It's Teetime; adding tee like functionality to Popen

Question

I recently needed to run some command line applications from Python. Whilst this is fairly simple with subprocess.Popen. I wanted to be able to properly pipe the output.

When running the programs from Python I want three things:

1. The option to have a low memory footprint.

   This is possible with Popen by passing some, not all, file objects to stdout or stderr.

2. To be able to pass data into multiple outputs. If I want to pass data from Popen.stdout to sys.stdout and my_file I should be able to.

3. To output live. When using Popen.communicate or stdout=None it is not possible to log the output and also display the output.

All of these are fairly easy to implement by using Popen.stdout with threads. Even though the core of the code is fairly simple. Having to manually create and manage threads each time I use Popen is not desirable. Further more, given that the code is a convenience wrapper, I decided to try and make the usage as simple as possible.

"""
Teetime - adding tee like functionality to Popen.

Conveniently allow Popen to pass data to any number of sinks.
Sinks can be shared between both stdout and std err and be handled correctly.

.. code-block::

    import sys
    import teetime

    with open('log.txt', 'wb') as f:
        teetime.popen_call(
            ['python', 'test.py'],
            stdout=(sys.stdout.buffered, f),
            stderr=(sys.stderr.buffered, f),
        )

The :code:`popen_call` function is a convenience over :code:`Sinks`.
If you need to interact with the process when it's live then you can
modify the following to suite your needs.

.. code-block::

    import sys
    import teetime

    with open('log.txt', 'wb') as f:
        sinks = Sinks(
            (sys.stdout.buffered, f),
            (sys.stderr.buffered, f),
        )
        process = sinks.popen(['python', 'test.py'])
        with self.make_threads(process) as threads:
            threads.join()
        self.reset_head()
"""

from __future__ import annotations

from typing import (
    Any, Callable, Iterator, List, Optional, Sequence, Tuple, Type
)
import collections
import io
import queue
import subprocess
import threading

QUEUE_SENTINEL = object()
FILE_SENTINEL = b''

TSink = Callable[[bytes], None]
_Threads = collections.namedtuple('Threads', 'out, err, both, queue')
_Sinks = collections.namedtuple('Sinks', 'out, err, both')


class Threads(_Threads):
    """
    Thread manager and interface.

    Because we need to listen to stdout and stderr at the same time we
    need to put the listeners in threads. This is so we can handle
    changes when they happen. This comes with two benifits:

    1.  We don't have to store all the print information in memory.
    2.  We can display changes as soon as they happen.

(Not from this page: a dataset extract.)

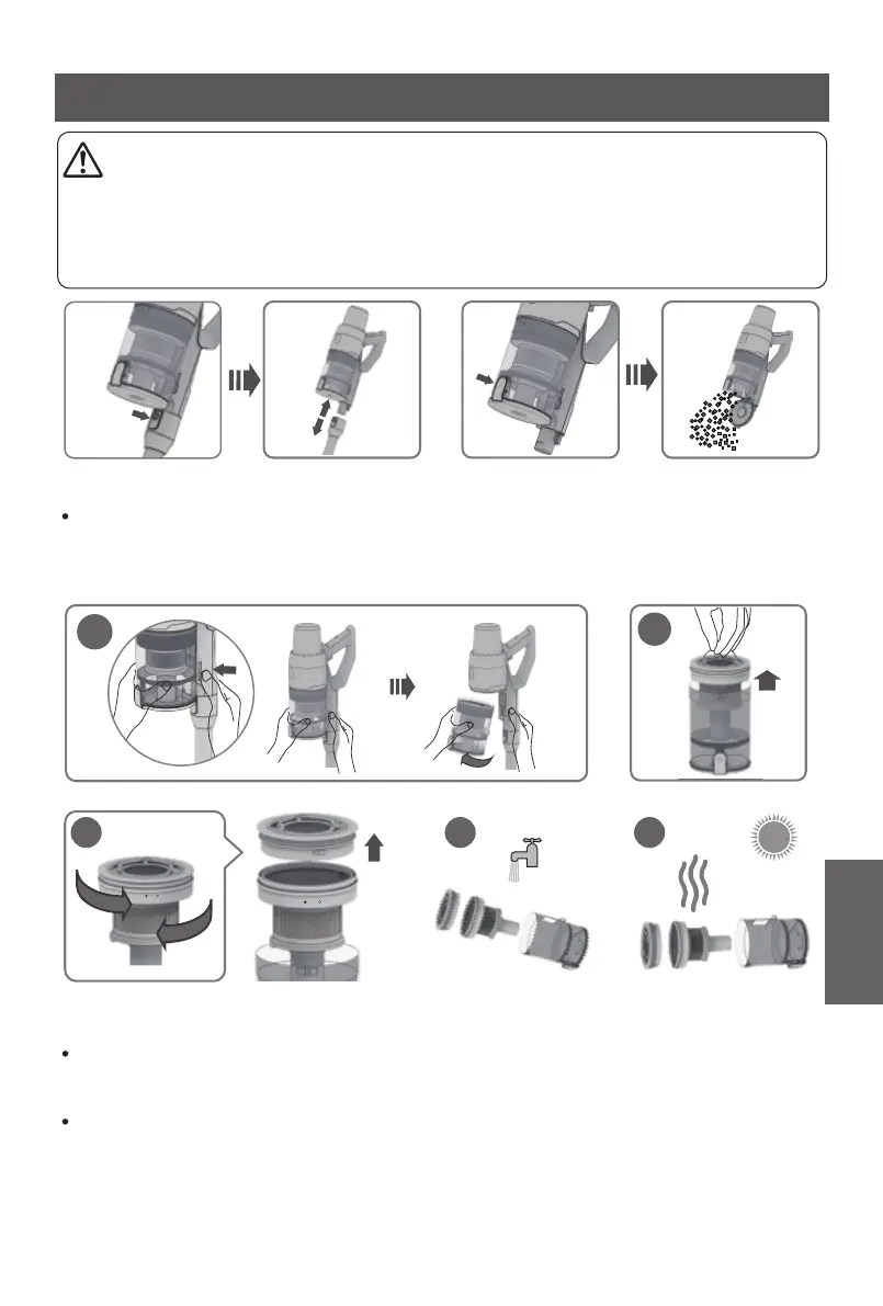 støvkoppen er helt tør, skal du sætte den i håndstøvsugeren igen.

    To allow stdout and stderr to merge correctly we have to use an
    atomic queue. :code:`queue.Queue` is one such example. If we have
    no need of combining output as there are no both sinks then the
    queue and associated thread won't be created.

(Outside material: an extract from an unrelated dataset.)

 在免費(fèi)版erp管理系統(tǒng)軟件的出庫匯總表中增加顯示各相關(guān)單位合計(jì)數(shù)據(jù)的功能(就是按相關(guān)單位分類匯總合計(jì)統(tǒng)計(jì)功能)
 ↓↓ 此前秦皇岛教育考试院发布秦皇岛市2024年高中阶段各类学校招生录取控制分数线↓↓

    This object holds the three threads and the message queue.
    """

    out: threading.Thread
    err: threading.Thread
    both: threading.Thread
    queue: queue.Queue

    def __new__(
        cls,
        process: subprocess.Popen,
        sinks: Sinks,
        flush: bool = True,
    ) -> Threads:
        """
        Create Threads from an active process and sinks.

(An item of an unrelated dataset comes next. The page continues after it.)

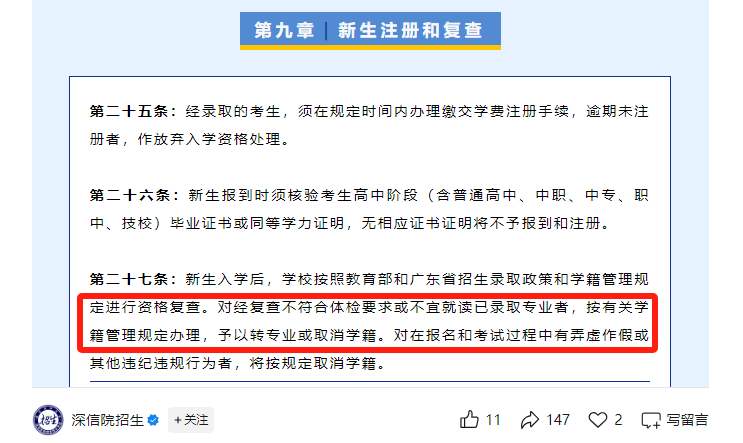 例如:深圳信息职业技术大学,深信打春季高考的招生章程明确新生入学后:学校按照教育部和广东省招生录取政策和学籍管理规定进行资格复查。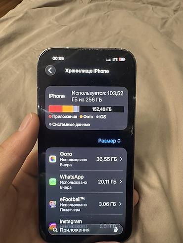 - Память 256 ГБ (на скриншоте «Хранилище iPhone» видно использование 103,52 ГБ).

        This creates the required threads to handle the output and sinks.
        These threads are created as daemons and started on creation.
        This also creates the message queue that merges both stdout and
        stderr when needed.

        :param process: Process to tee output from.
        :param sinks: Places to tee output to.
        :param flush: Whether to force flush flushable sinks.
        :return: A thread manager for the process and sinks.
        """
        o_thread = None
        e_thread = None
        b_thread = None
        _queue: Optional[queue.Queue] = None
        out, err, both = sinks.as_callbacks(flush=flush)

        if both:
            _queue = queue.Queue()
            b_thread = cls._make_thread(
                target=cls._handle_sinks,
                args=(iter(_queue.get, QUEUE_SENTINEL), both)
            )
            if out is None:
                raise ValueError('both is defined, but out is None')
            if err is None:
                raise ValueError('both is defined, but err is None')
            out += (_queue.put,)
            err += (_queue.put,)

        if out:
            o_thread = cls._make_thread(
                target=cls._handle_sinks,
                args=(iter(process.stdout.readline, FILE_SENTINEL), out)
            )

        if err:
            e_thread = cls._make_thread(
                target=cls._handle_sinks,
                args=(iter(process.stderr.readline, FILE_SENTINEL), err)
            )

        return _Threads.__new__(
            cls,
            o_thread,
            e_thread,
            b_thread,
            _queue
        )

    def __enter__(self) -> Threads:
        """Context manager pattern."""
        return self

    def __exit__(self, _1: Any, _2: Any, _3: Any) -> None:
        """Context manager pattern."""
        self.end_queue()

    @staticmethod
    def _make_thread(*args: Any, **kwargs: Any) -> threading.Thread:
        """Make thread."""
        thread = threading.Thread(*args, **kwargs)
        thread.daemon = True
        thread.start()
        return thread

    @staticmethod
    def _handle_sinks(_input: Iterator[bytes], sinks: List[TSink]) -> None:
        """Threaded function to pass data between source and sink."""
        for segment in _input:
            for sink in sinks:
                sink(segment)

    def join(
        self,
        out: bool = True,
        err: bool = True,
        both: bool = False,
    ) -> None:
        """Conveniently join threads."""
        if out and self.out is not None:
            self.out.join()
        if err and self.err is not None:
            self.err.join()
        if both and self.both is not None:
            self.both.join()

    def end_queue(self) -> None:
        """Send exit signal to the both thread."""
        if self.queue is not None:
            self.queue.put(QUEUE_SENTINEL)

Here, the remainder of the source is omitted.